Тем самым, который заставлял медсестёр в клинике нервно поправлять шапочки, а видавших виды преподавателей - лишний раз проверять его курсовые работы, чтобы найти хоть малейший недочёт. Этот взгляд был его оружием и его щитом, наследием Джона Винчестера, человека, который привык решать проблемы кулаками, а не разговорами. Дин был затянут в идеально выглаженный белый халат (спасибо Сэмми и его дурацкой привычке доводить всё до совершенства), но даже эта униформа не могла скрыть хищной, пружинистой грации человека, привыкшего к драке. Слишком широкие плечи, вечно чуть приподнятые, словно он ждал удара сзади. Слишком грубые руки с вечно сбитыми, в микротрещинах от машинного масла, костяшками пальцев. Наследие долгих, бессонных ночей в автомастерской Бобби Сингера, где Дин перебирал двигатели, чтобы не думать о пожарах, о криках, о том, чего уже никогда не вернуть.
В новом студенте, представленном профессором Шепортом как Кастиэль Новак, переведённый откуда-то из Европы по программе обмена, было что-то до жути, до скрежета зубовного неправильное. Дин не мог сразу определить, что именно. Не в его манере держаться, хотя и она была странной, парень стоял слишком прямо, словно кол проглотил, его спина была идеально ровной, а плечи развёрнуты с какой-то неестественной, почти военной выправкой. И не в его одежде.

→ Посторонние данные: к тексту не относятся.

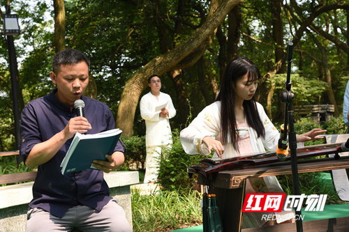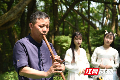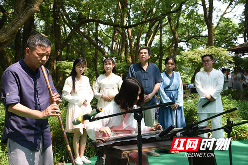 红网时刻永州5月21日讯(通讯员 周平尚)5月19日,“冷水滩5.19中国旅游日”活动在冷水滩区蔡市镇邓家铺村潇湘文化园举行。金沙集团1862cc国学院九疑古琴社师生欧阳平彪、屈梦君、刘思捷、邱玲等人演唱了琴歌《湘妃思舜》和琴箫合奏《阳关三叠》,向大众展演了九疑古琴派的独特风采,赢得了大家的一致喝彩。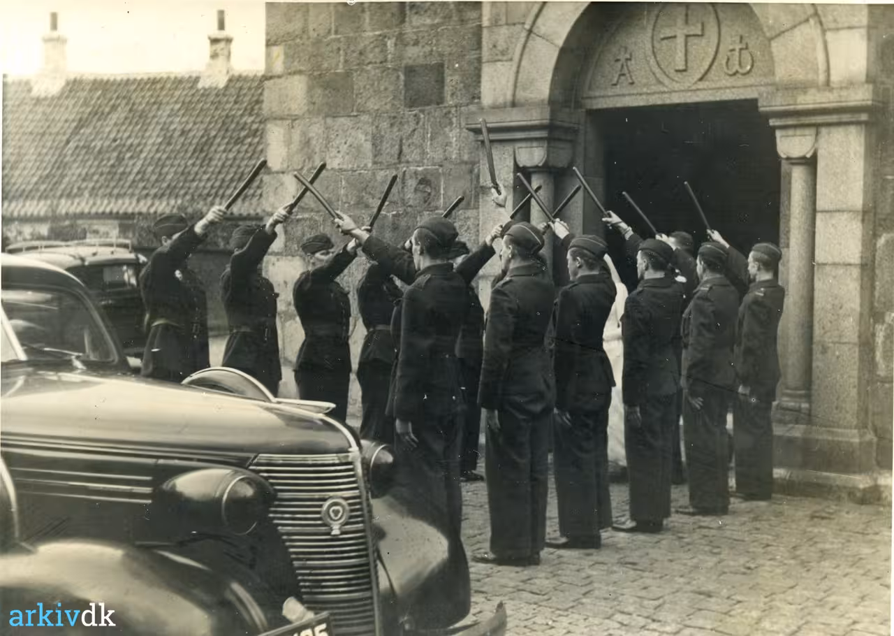 Espalier af CB ved bryllup, Jacobi kirke, 1942.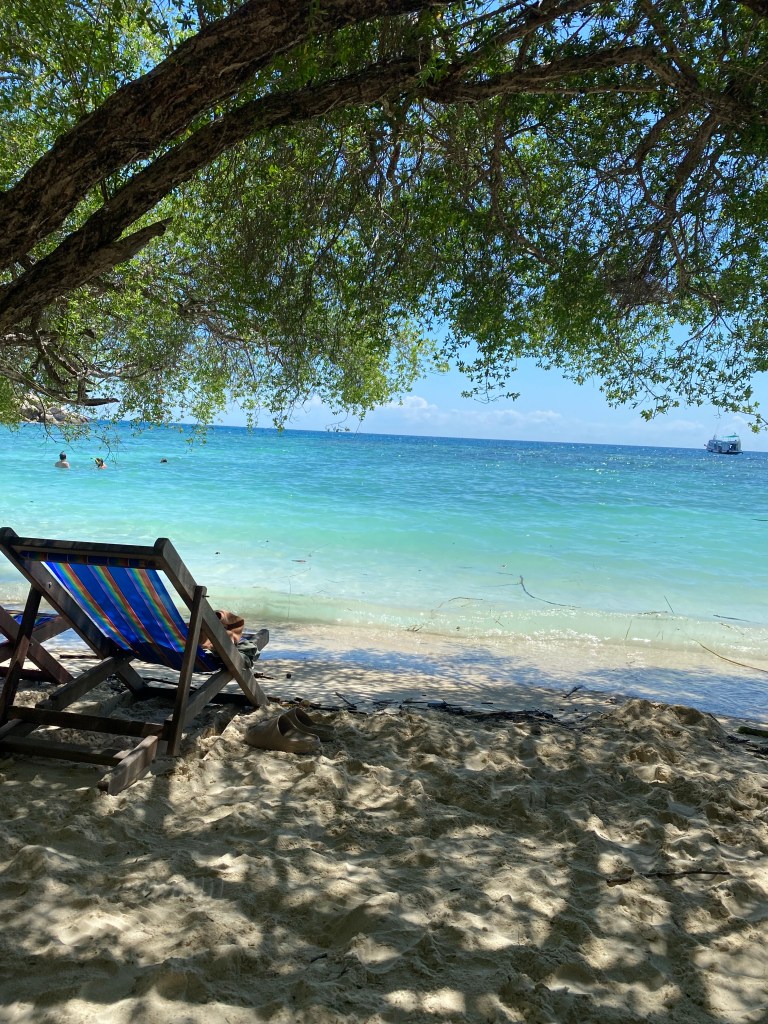 Freedom beach is so beautiful and blue and inviting. A line of trees runs all along the beach casting bits of shade onto the sand where chairs were set up just waiting to be claimed. I found one of the last ones, dragged it into the sun and proceeded to sit there for hours, reapplying sunscreen every time I went to jump in the water or snorkel above the rainbow fish gathering in the bay.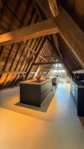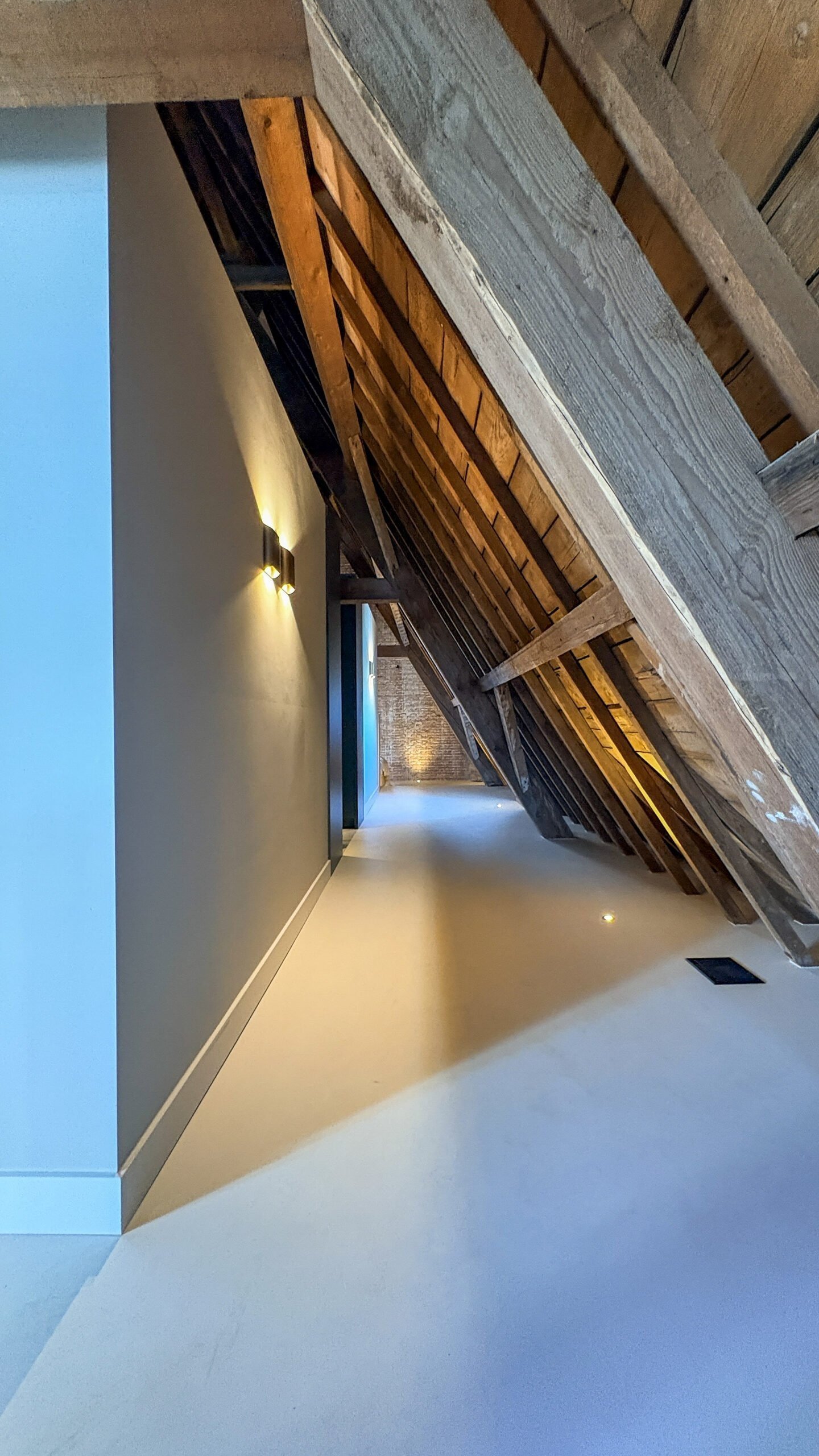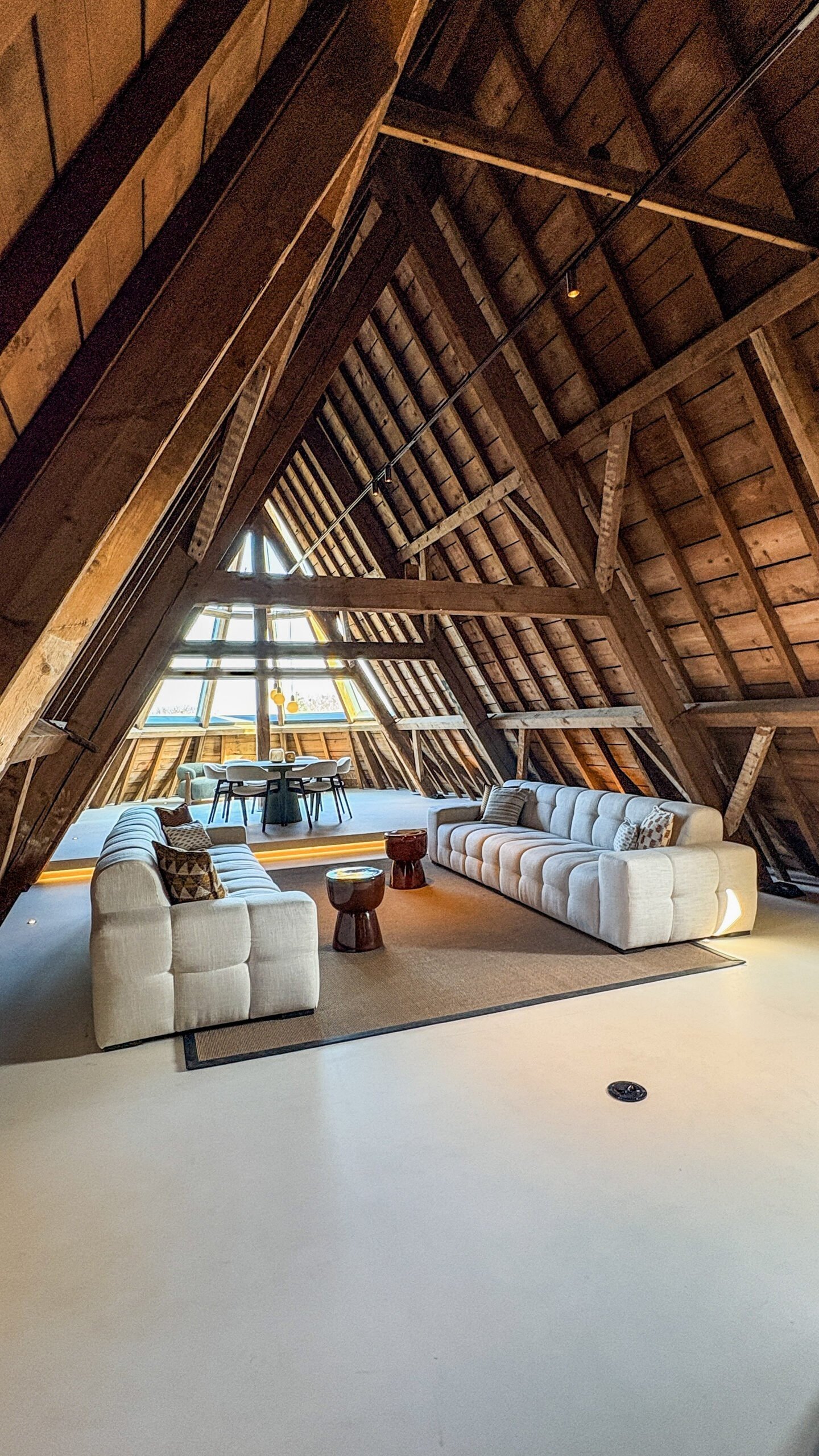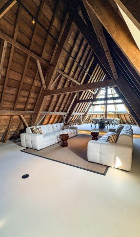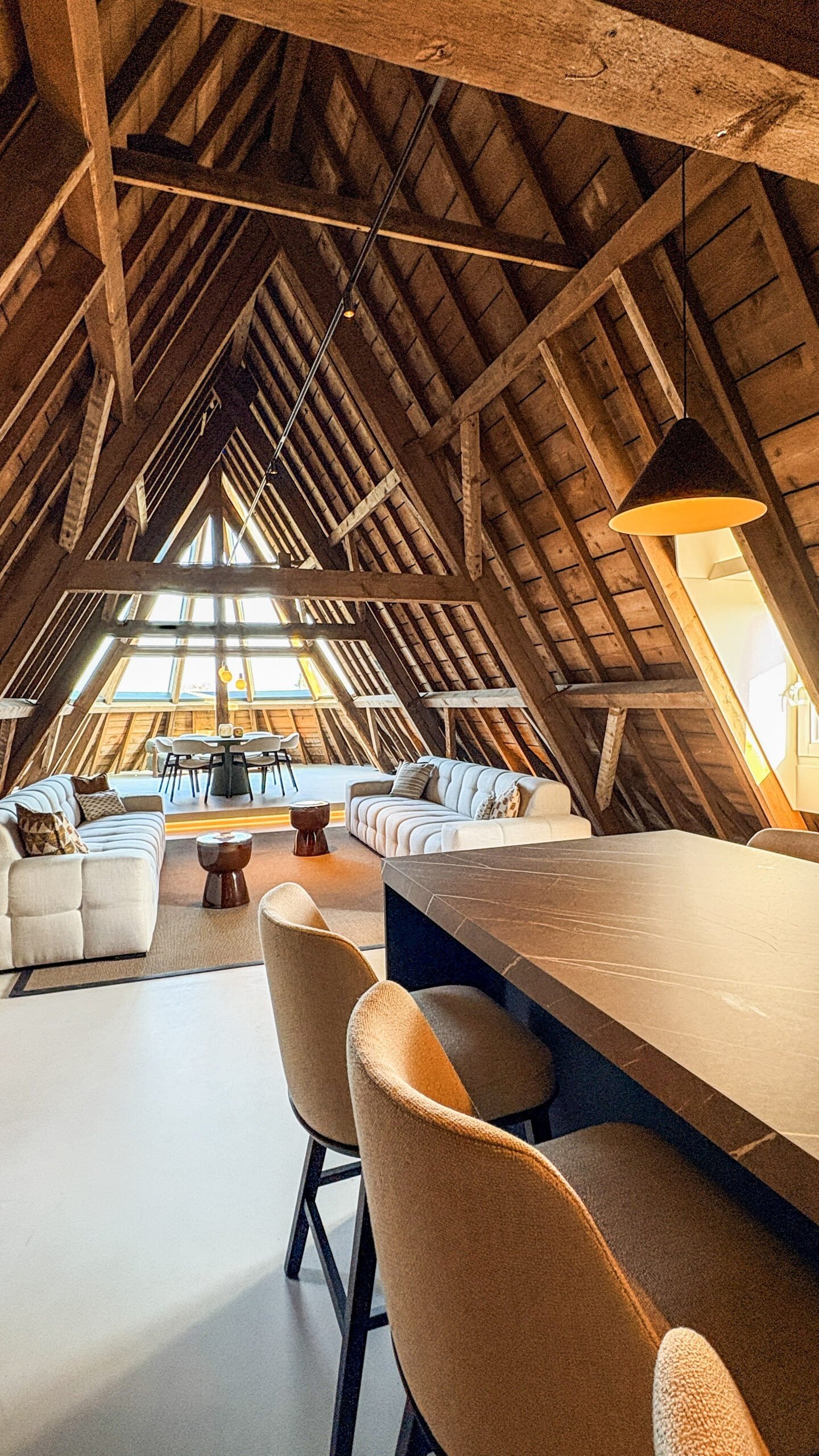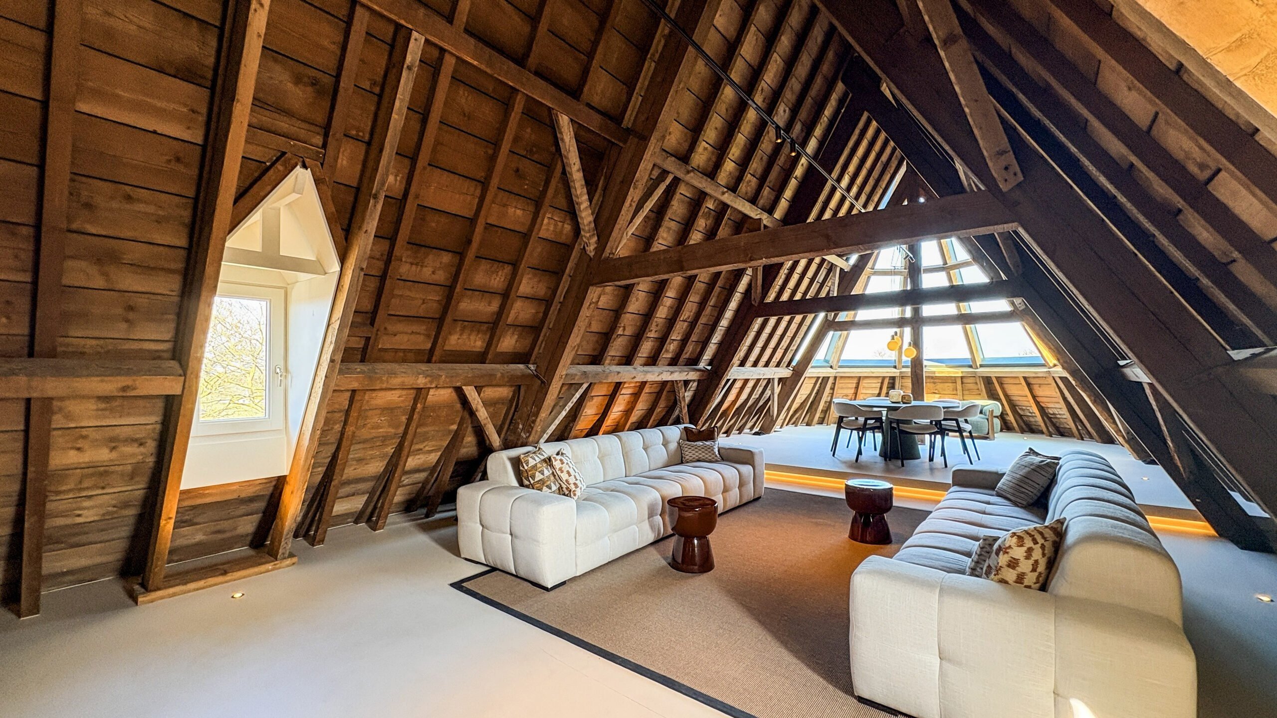 De bovenste verdieping vormt het absolute hoogtepunt. Onder het originele houten kapgebint bevindt zich een indrukwekkende leefruimte waar architectuur en modern wonen samenkomen. De zichtbare houten constructie, de hoogte en de open indeling zorgen voor een uitzonderlijke woonbeleving.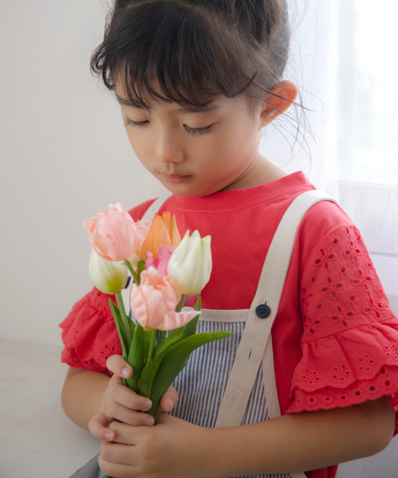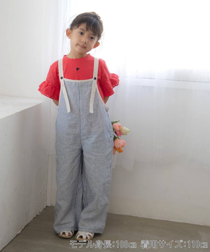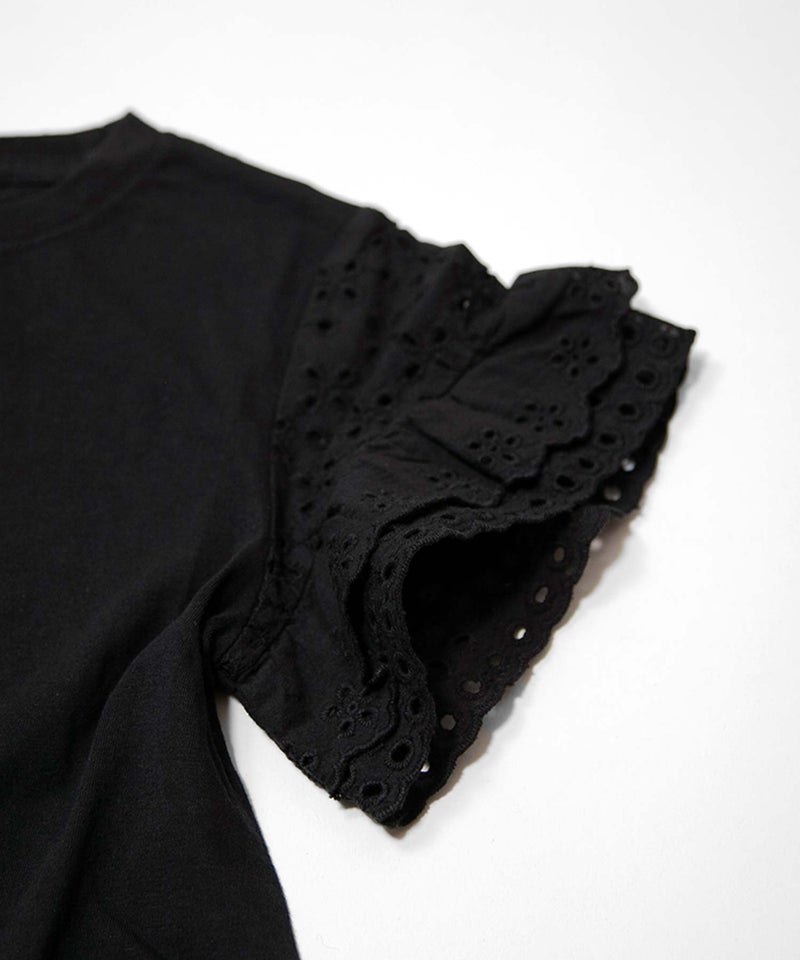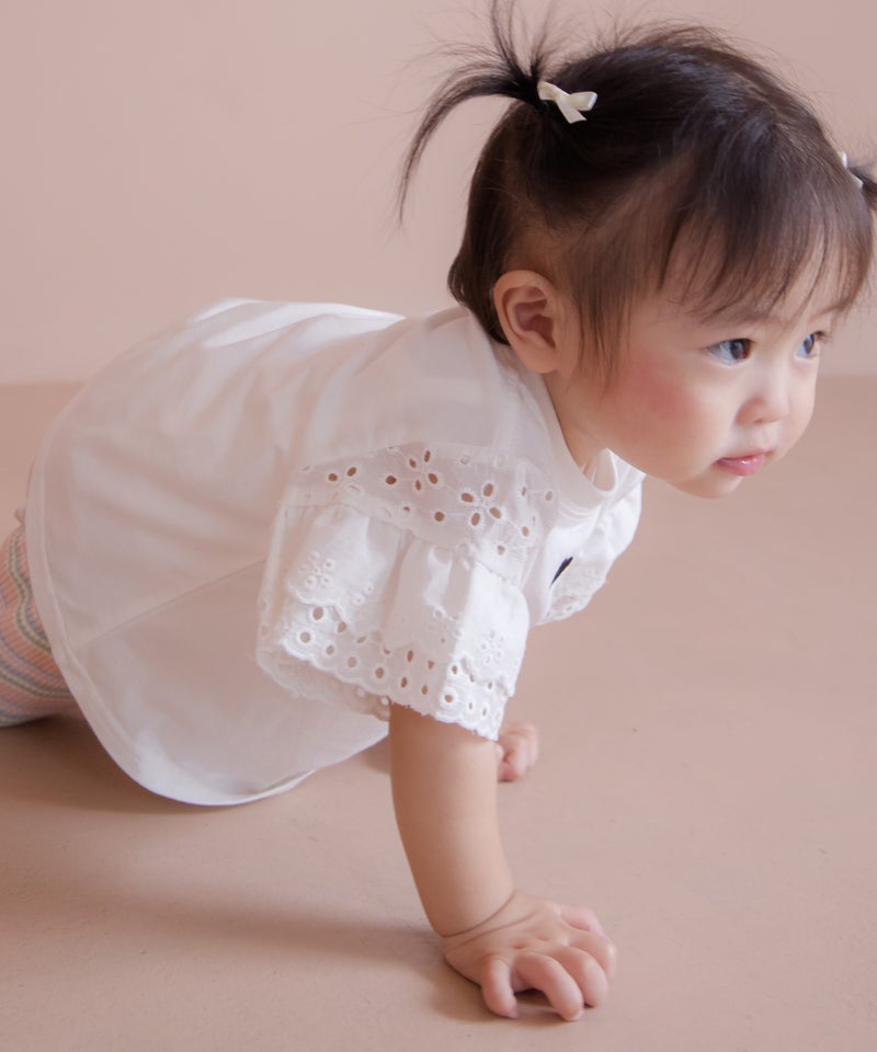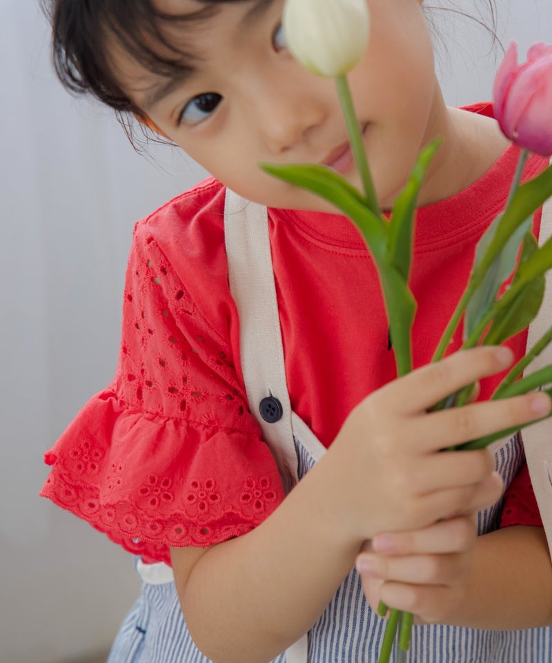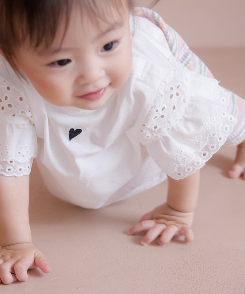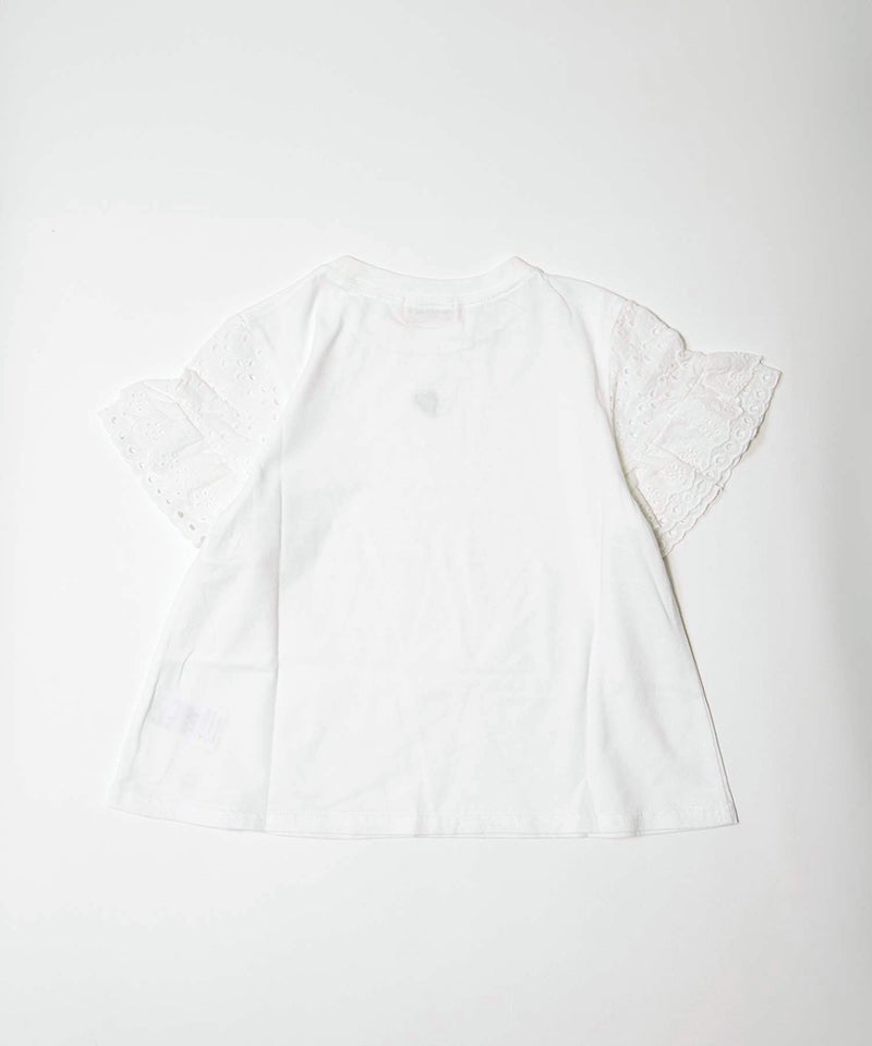 アイレットレースのボリュームのある袖や、きらっと光るコインタグ、胸元のハートの刺繍など、女の子の好きを集めたシンプルなTシャツ。

Старомодном, чуть мешковатом твидовом пиджаке песочного цвета поверх стандартной медицинской формы, пиджаке, который выглядел так, словно его сняли с профессора Оксфорда образца 1950 года. И даже не в его волосах тёмных, растрёпанных, словно он только что сунул голову в ураган и забыл причесаться. Неправильность была в глазах.
Синих, как предрассветное небо над заброшенной церковью где-то в канзасской глуши, куда Дин однажды забрёл подростком, напившись в стельку после очередной ссоры с отцом. Синих, как глубина Тихого океана в час, когда солнце ещё не встало, а вода кажется чёрной и бездонной, скрывающей в себе неведомых чудовищ. Но дело было не в цвете, не в этом ярком, сапфировом оттенке. Дело было в их выражении, в их содержании. В этих глазах плескалась такая вселенская, такая необъятная бездна знания о боли, о потерях, о тьме и о чём-то, что было старше самой тьмы, какой не могло быть у обычного человека, изучающего медицину лишь по книгам и лекциям. Эти глаза видели такое, чего не видел ни один смертный. И, что самое пугающее, они смотрели на Дина так, словно знали о нём всё.
Каждую его мысль, каждый его грех, каждую его тайную, постыдную слабость.
— Ты опоздал на вскрытие, — холодно бросил Дин, когда профессор Кроули вышел за какими-то документами и они остались вдвоём в холодном, стерильном зале. Его голос, обычно тёплый, с лёгкой хрипотцой, какой бывает у людей, выкуривающих по пачке в день и слушающих слишком громкий рок по ночам, сейчас прозвучал как удар хлыста по бетонному полу. — Профессор Шепорт этого не потерпит. И я, честно говоря, тоже не потерплю. Здесь, Новак, не богадельня для заблудших овец. Здесь медицинская школа. Ты либо приходишь вовремя, либо катишься обратно в свою Европу, понял?! — Кастиэль не моргнул. Вообще. Дин готов был поклясться, что этот чёртов парень даже не дышал. Он просто стоял совершенно неподвижно, словно статуя, высеченная из бледного мрамора неизвестным гением эпохи Возрождения. Лишь его голова чуть заметно наклонилась к плечу. Движение вышло медленное, плавное, даже в какой-то мере птичье. И он смотрел не на Дина, а сквозь него, в ту точку пространства, где солнечный свет, пробиваясь сквозь жалюзи, превращал мельчайшие пылинки в золотую, медленно кружащуюся в своём бесконечном танце взвесь.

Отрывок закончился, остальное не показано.